■ **TASK INSTRUCTIONS**:
When you reach the line below that has "China. 1921 Silver", start returning lines exactly, and stop after the line that has "Перчатки однораз. ПЭ"; skip the pictures.

________________________________________

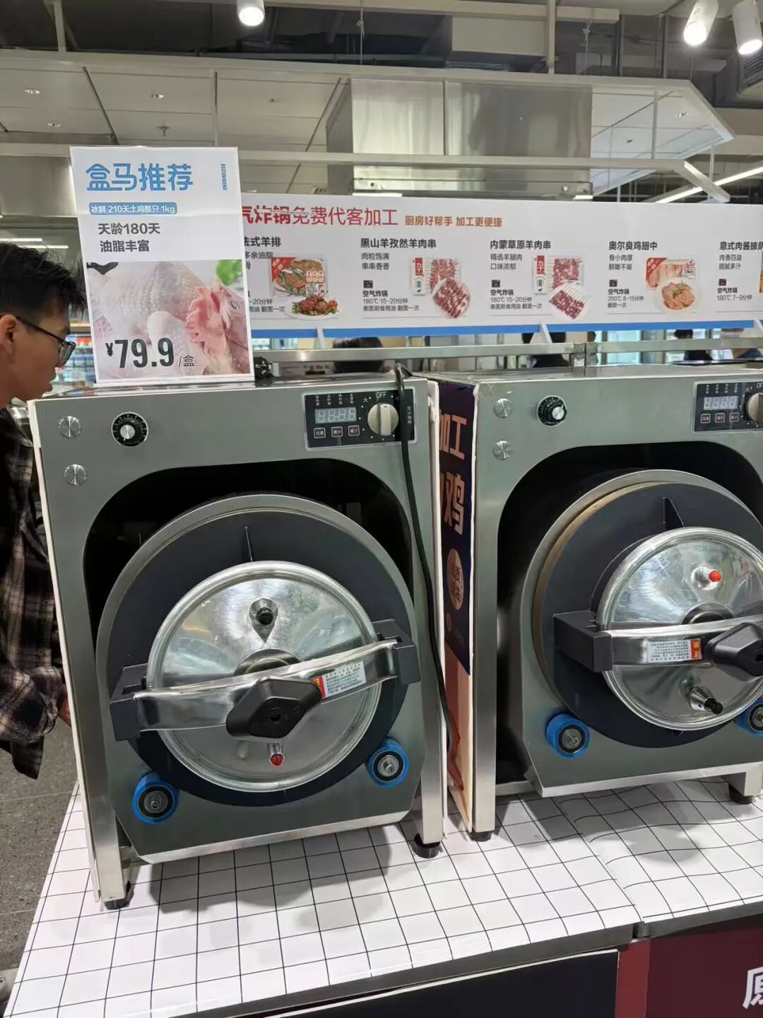 新店还为火锅爱好者提供了专属的火锅菜品,以及盒马为因应周边居民消费结构,推出了“叮”系列快捷商品,鲅鱼水饺、墨鱼水饺、羊肉串、土鸡、羊排、奥尔良鸡翅等等,都可以在盒马现场加工后即时享用。
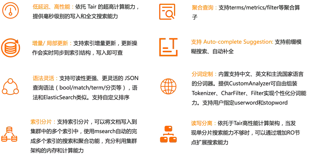 TairSearch 是Tair自主研发的高性能、低延时、基于内存的实时搜索特性,不但增强了 Tair 在实时计算领域的能力,还和现有的其他数据结构一起为用户提供一站式的数据解决方案。Tair采用了和 ElasticSearch(下文称之为ES)相似的基于 JSON 的查询语法,满足了灵活性的同时还兼容ES用户的使用习惯。Tair 除了支持 ES 常用的分词器,还新增JIEBA 和 IK 中文分词器,对中文分词更加友好。Tair支持丰富的查询语义和聚合能力,并且支持索引实时更新和局部更新。Tair 可以通过 msearch 方案实现索引的分片和搜索能力,并通过读写分离架构实现搜索性能的水平扩展。
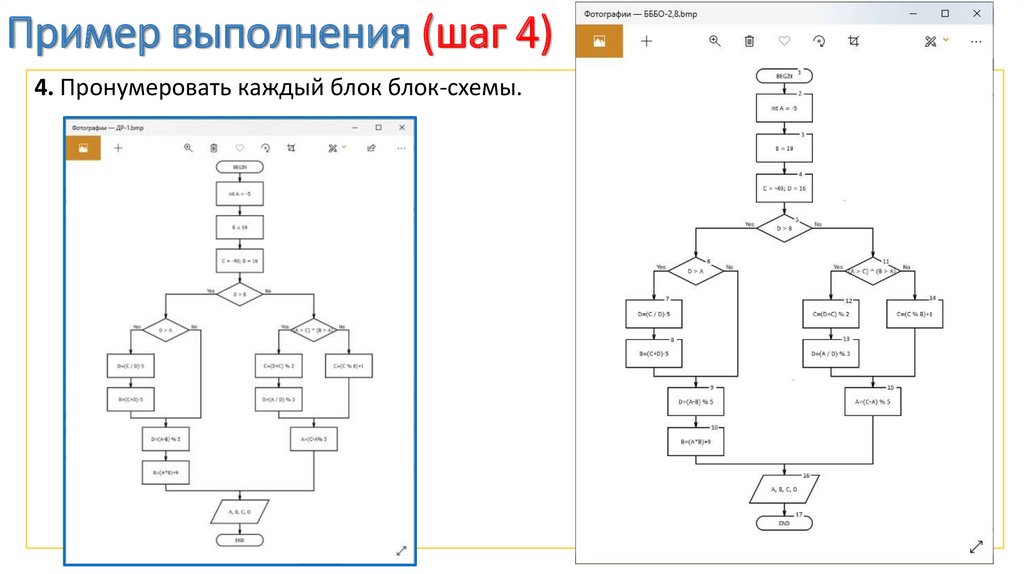 Пример выполнения (шаг 4)4. Пронумеровать каждый блок блок-схемы.
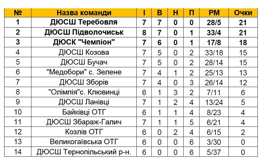 ДЮСШ (Зборів) – ДЮСШ (Тернопільський р-н.) – 10:1.
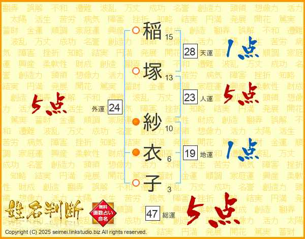 稲(15画)塚(13画) 紗(10画)衣(6画)子(3画)
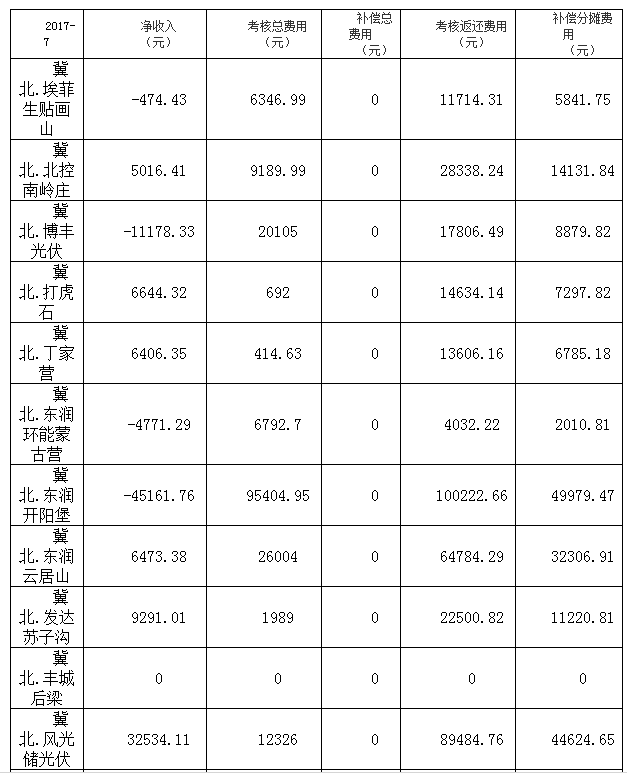 2017年7月京津唐光伏發(fā)電站并網(wǎng)運(yùn)行結(jié)算匯總表
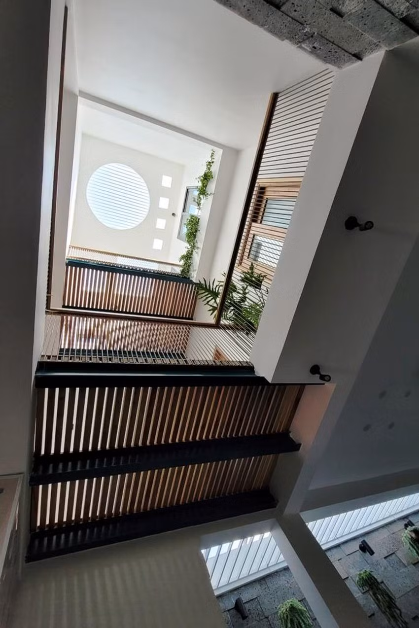 | Thiết kế thông tầng lấy sáng và kết nối các gian phòng lại với nhau. |
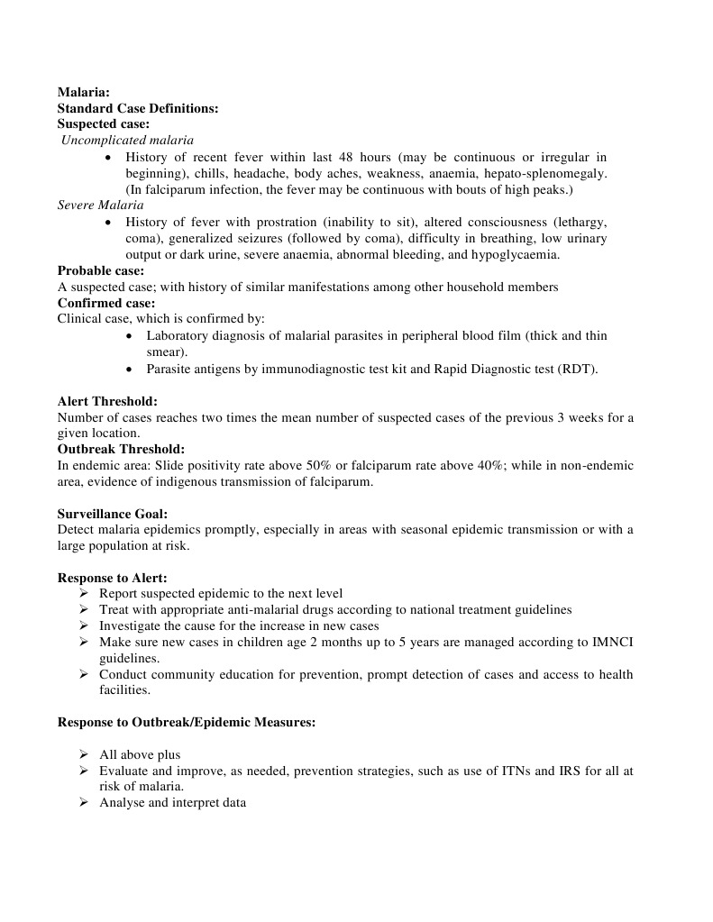y be continuous or irregular in beginning), chills, headache, body aches, weakness, anaemia, hepato-splenomegaly. (In falciparum infection, the fever may be continuous with bouts of high peaks.) Severe Malaria History of fever with prostration (inability to sit), altered consciousness (lethargy, coma), generalized seizures (followed by coma), difficulty in breathing, low urinary output or dark urine, severe anaemia, abnormal bleeding, and hypoglycaemia. Probable case: A suspected case; with history of similar manifestations among other household members Confirmed case: Clinical case, which is confirmed by: Laboratory diagnosis of malarial parasites in peripheral blood film (thick and thin smear). Parasite antigens by immunodiagnostic test kit and Rapid Diagnostic test (RDT). Alert Threshold: Number of cases reaches two times the mean number of suspected cases of the previous 3 weeks for a given location. Outbreak Threshold: In endemic area: Slide positivity rate above 50% or falciparum rate above 40%; while in non-endemic area, evidence of indigenous transmission of falciparum. Surveillance Goal: Detect malaria epidemics promptly, especially in areas with seasonal epidemic transmission or with a large population at risk. Response to Alert: Report suspected epidemic to the next level Treat with appropriate anti-malarial drugs according to national treatment guidelines Investigate the cause for the increase in new cases Make sure new cases in children age 2 months up to 5 years are managed according to IMNCI guidelines. Conduct community education for prevention, prompt detection of cases and access to health facilities. Response to Outbreak/Epidemic Measures: All above plus Evaluate and improve, as needed, prevention strategies, such as use of ITNs and IRS for all at risk of malaria. Analyse and interpret data
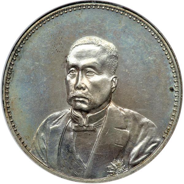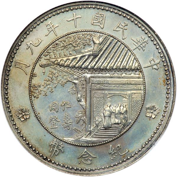 China. 1921 Silver Dollar. Hsu Shih-Chang. Reeded edge. Obv: 3/4 facing bust. Reverse: Entrance to pavilion. Kann-676; L & M 864. Delicately toned. NGC graded MS-64.
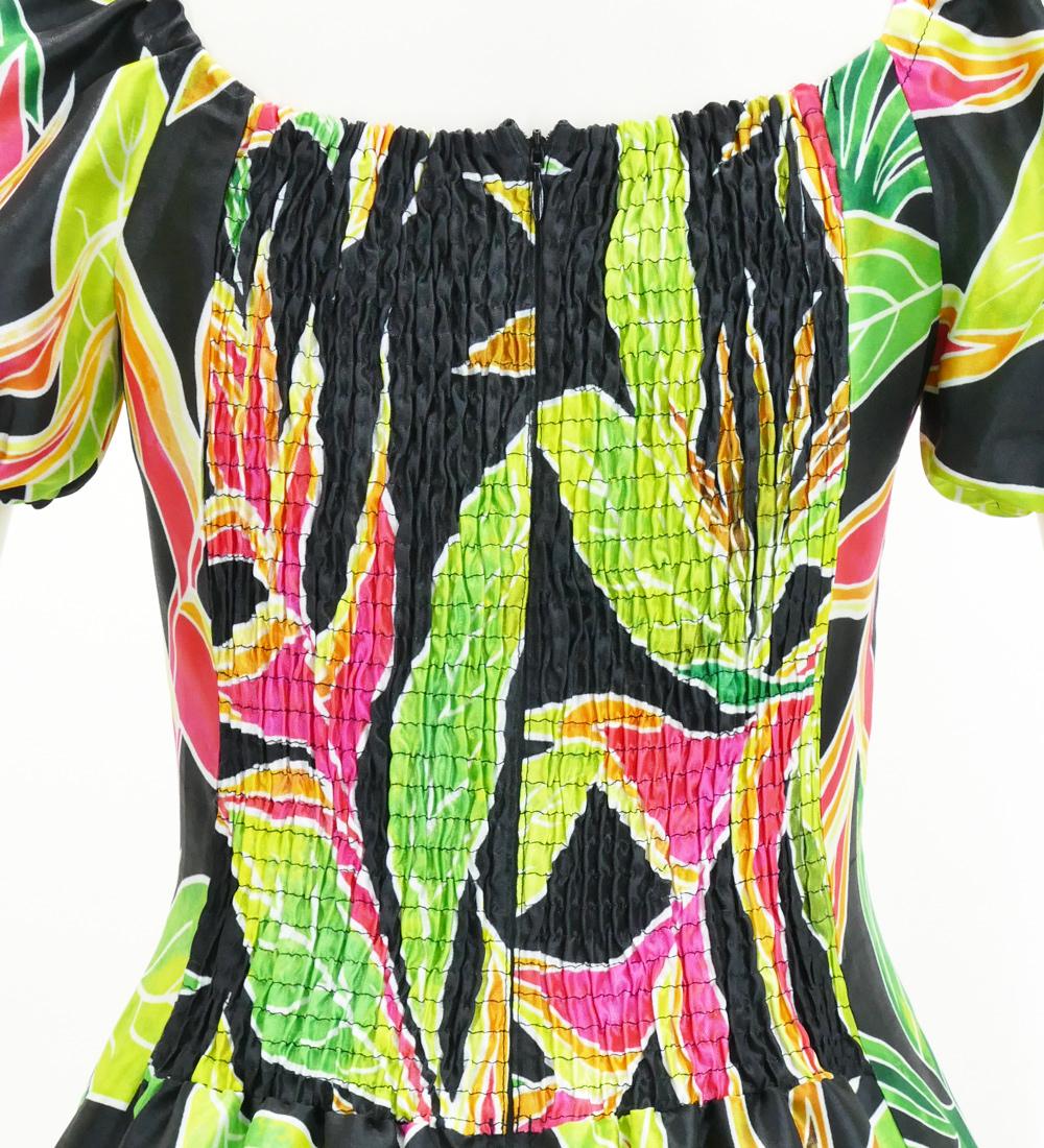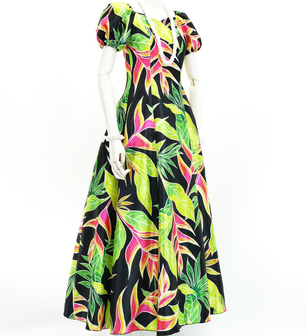 -Hula Long Dress with Heliconia Print / Luxury Collection / Black / J2687bk
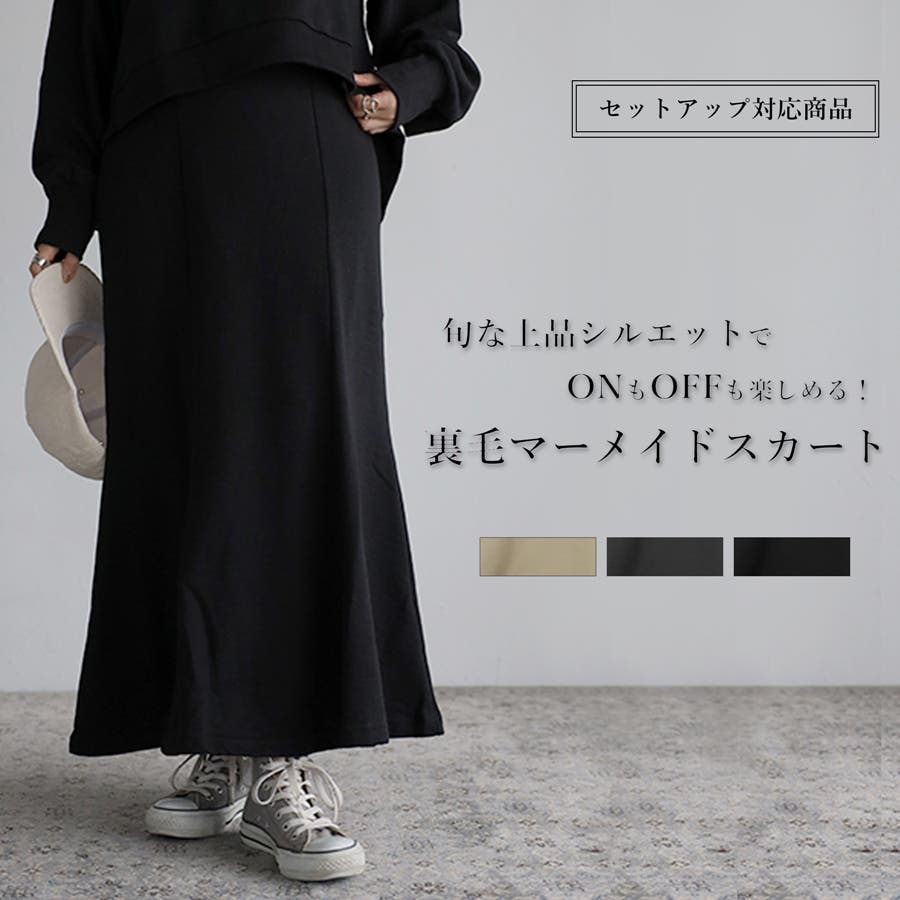 裏毛マーメイドスカート レディース 長袖 秋冬 春 20代 30代 40代
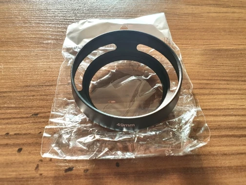 Buen aspecto. Metálico. La rosca es fina y perfecta. Proporciona un contraste medio entre no usar parasol (poco contraste) o usar uno cilíndrico (alto contraste). Pesa poco y le da un plus a mi lente de 50 mm.
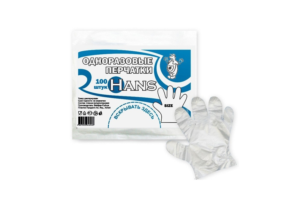 Перчатки однораз. ПЭ "HANS" L 100шт АП (1уп/100)
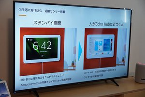 人が近くにいない未使用時には、お気に入りの写真や時刻などを表示するスタンバイ画面に切り替わる。Amazon Photosに保存した写真も表示可能で、「壁掛け時計や壁掛けフォトフレームとして活用できる」とアピールしている。
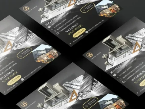 Този дизайн представя елегантен и професионален дизайн за архитектурна или строителна компания. Визуалният фокус е върху 3D модел на модерна сграда, поставен върху чертежи и архитектурни планове, символизирайки внимание към детайла и професионализъм.
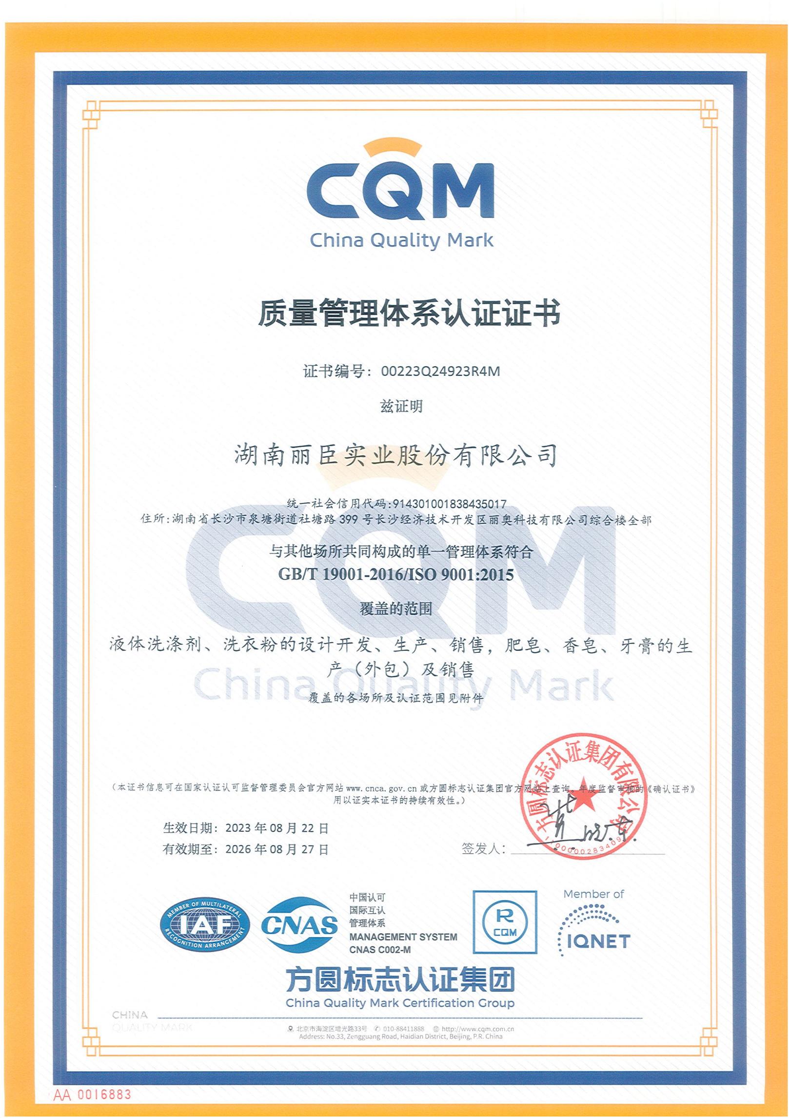湖南麗臣質(zhì)量管理體系認(rèn)證證書
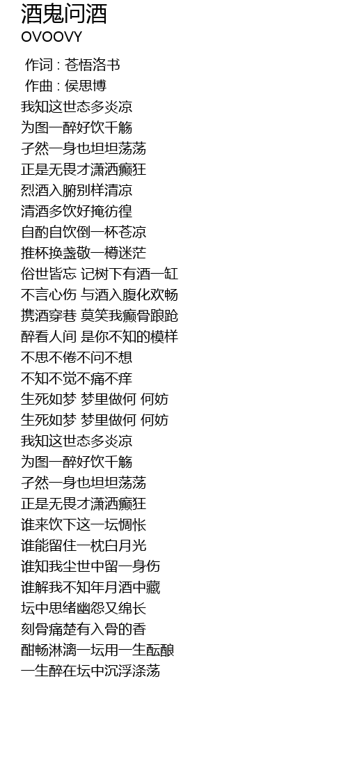 | [01:42.73] | 不言心伤 与酒入腹化欢畅 |

________________________________________

■ **ANSWER TO THIS PROBLEM**:
 China. 1921 Silver Dollar. Hsu Shih-Chang. Reeded edge. Obv: 3/4 facing bust. Reverse: Entrance to pavilion. Kann-676; L & M 864. Delicately toned. NGC graded MS-64.
 -Hula Long Dress with Heliconia Print / Luxury Collection / Black / J2687bk
 裏毛マーメイドスカート レディース 長袖 秋冬 春 20代 30代 40代
 Buen aspecto. Metálico. La rosca es fina y perfecta. Proporciona un contraste medio entre no usar parasol (poco contraste) o usar uno cilíndrico (alto contraste). Pesa poco y le da un plus a mi lente de 50 mm.
 Перчатки однораз. ПЭ "HANS" L 100шт АП (1уп/100)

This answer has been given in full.